Lincoln historians and elected officials hope the statue will stand as a symbol of reconciliation and healing. But protesters in Civil War costumes outside the Richmond National Battlefield Park Civil War Visitor Center view Lincoln as a conqueror whose likeness is a reminder of death and destruction.

Lincoln visited Richmond just two days after Union soldiers forced Confederate troops to abandon the city. The city was still smoldering from the fires that Confederates set to keep enemy forces from using their supplies.

Lincoln arrived unannounced and, with his son, walked to the Confederate White House in what Lincoln scholars say was symbolic of his desire to unite the war-torn country. African-Americans rushed out to greet him, some kneeling or touching his coat. But most white residents greeted the president with stony silence, according to the National Park Service text accompanying the statue.

And, it was clear Saturday, the passage of more than a century has not softened some of those hard feelings.

“He was not here as a hero as the Park Service contends. He was here as a conqueror. And because he was here as a conqueror, that’s why it’s inappropriate,” said Brag Bowling, 54, commander of the Virginia division of the Sons of Confederate Veterans, who lives in Richmond.

“They said it’s part of healing. But see how little healing it’s doing. It has caused a war here. The Park Service should understand this is the former capitol of the Confederacy,” Bowling said.

The statue is believed to be the first of Lincoln to be placed in any of the 11 former Confederate states, and it sparked Bowling to lead a protest at the nearby gravesite of Jefferson Davis, leader of the Confederacy.

A total of about 150 protesters demonstrated at two separate sites, many of them waving Confederate flags.

“It’s like putting a statue of (Gen. Robert E.) Lee in Illinois, for God’s sake,” said Claudette Waddell, 65, of Plant City, Fla., who came up for today’s parade in celebration of Confederate history.

But Lincoln scholars contend that the statue depicts a side of Lincoln that deserves commemoration.

“I’m convinced that he came to Richmond not as a divisive force, but as a healing force,” said Ronald C. White Jr., author of “Lincoln’s Greatest Speech: The Second Inaugural.”
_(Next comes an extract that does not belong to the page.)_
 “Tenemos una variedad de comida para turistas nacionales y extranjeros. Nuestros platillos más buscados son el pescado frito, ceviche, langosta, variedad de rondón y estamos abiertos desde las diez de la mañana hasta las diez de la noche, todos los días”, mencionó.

The unveiling of the statue Saturday was the culmination of a 20-year dream for Robert Kline, a native of Dixon, Ill., which has its own Lincoln statue. Kline, chairman of the U.S. Historical Society, said, “my roots told me we ought to have statue of Lincoln in Richmond.”
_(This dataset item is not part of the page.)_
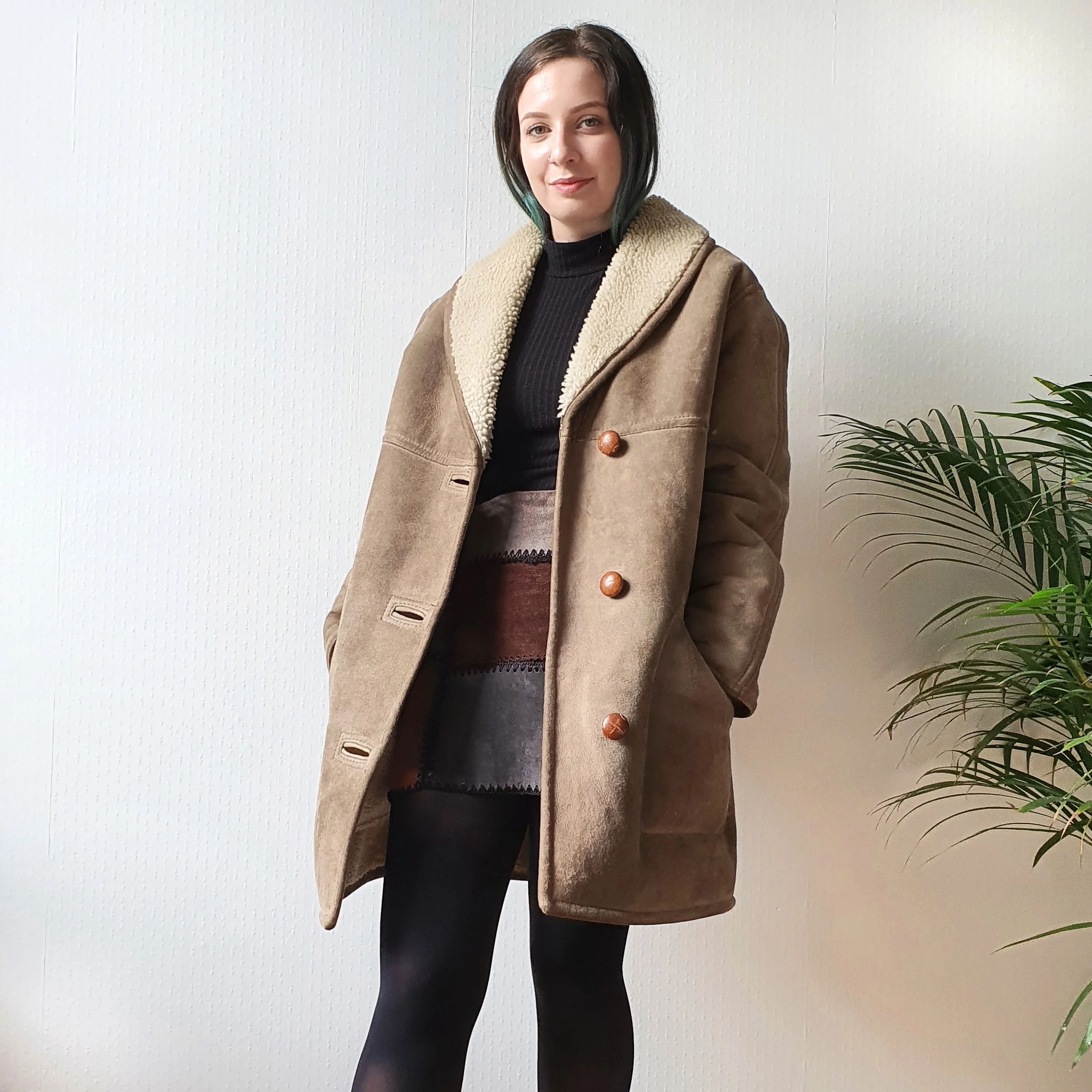Heavyweight and warm sheepskin jacket in a lovely shade of brown! The lining will keep you cosy during the cold winter months. Featuring tan leather button fastening and very deep, wool lined pockets. Oversized, can be worn over other layers of clothing. Wear it with a funky skirt and heeled boots if you want an effortlessly cool look or with light coloured jeans for a more relaxed vibe!In excellent condition, only a few barely noticeable marks at the back.

The sculptor, David Frech of New York, also has Illinois roots. Frech grew up in the northwest Chicago suburbs and said his grandfather had a strong admiration of Lincoln.
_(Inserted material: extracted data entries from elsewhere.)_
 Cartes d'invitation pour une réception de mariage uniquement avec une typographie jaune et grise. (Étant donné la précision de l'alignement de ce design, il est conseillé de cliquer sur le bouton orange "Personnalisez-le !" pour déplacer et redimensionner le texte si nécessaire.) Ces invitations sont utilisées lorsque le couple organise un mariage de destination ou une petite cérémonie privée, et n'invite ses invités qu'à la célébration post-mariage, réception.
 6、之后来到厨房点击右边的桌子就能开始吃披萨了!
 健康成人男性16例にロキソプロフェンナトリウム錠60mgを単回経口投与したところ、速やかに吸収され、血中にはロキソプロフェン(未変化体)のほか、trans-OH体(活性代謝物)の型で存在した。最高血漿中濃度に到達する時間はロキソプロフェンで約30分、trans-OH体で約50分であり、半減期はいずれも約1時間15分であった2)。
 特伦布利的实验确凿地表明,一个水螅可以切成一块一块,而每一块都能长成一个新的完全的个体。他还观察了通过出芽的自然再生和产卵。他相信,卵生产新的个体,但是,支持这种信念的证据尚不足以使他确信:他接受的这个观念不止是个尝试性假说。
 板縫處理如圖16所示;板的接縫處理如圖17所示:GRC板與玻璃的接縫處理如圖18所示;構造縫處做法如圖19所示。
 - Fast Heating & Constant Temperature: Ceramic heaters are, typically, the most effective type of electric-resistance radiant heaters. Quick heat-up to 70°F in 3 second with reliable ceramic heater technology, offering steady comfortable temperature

Both Kline and Frech said they were surprised by the furor that the statue has generated in some corners.

“I don’t think any of us had been prepared for the controversy,” Frech said. “I grew up in the Midwest. I had no idea these feelings still existed.”

The U.S. Historical Society is raising funds to pay for the $250,000 statue by selling miniature bronze copies at $875 apiece. But even that has generated objections from opponents alleging violations of state laws, which officials said later were disproven.

The statue is located at an old Civil War cannon factory.

Cynthia MacLeod, of the National Park Service, said, “Explaining history from a variety of angles makes it not only more interesting, but also more true.”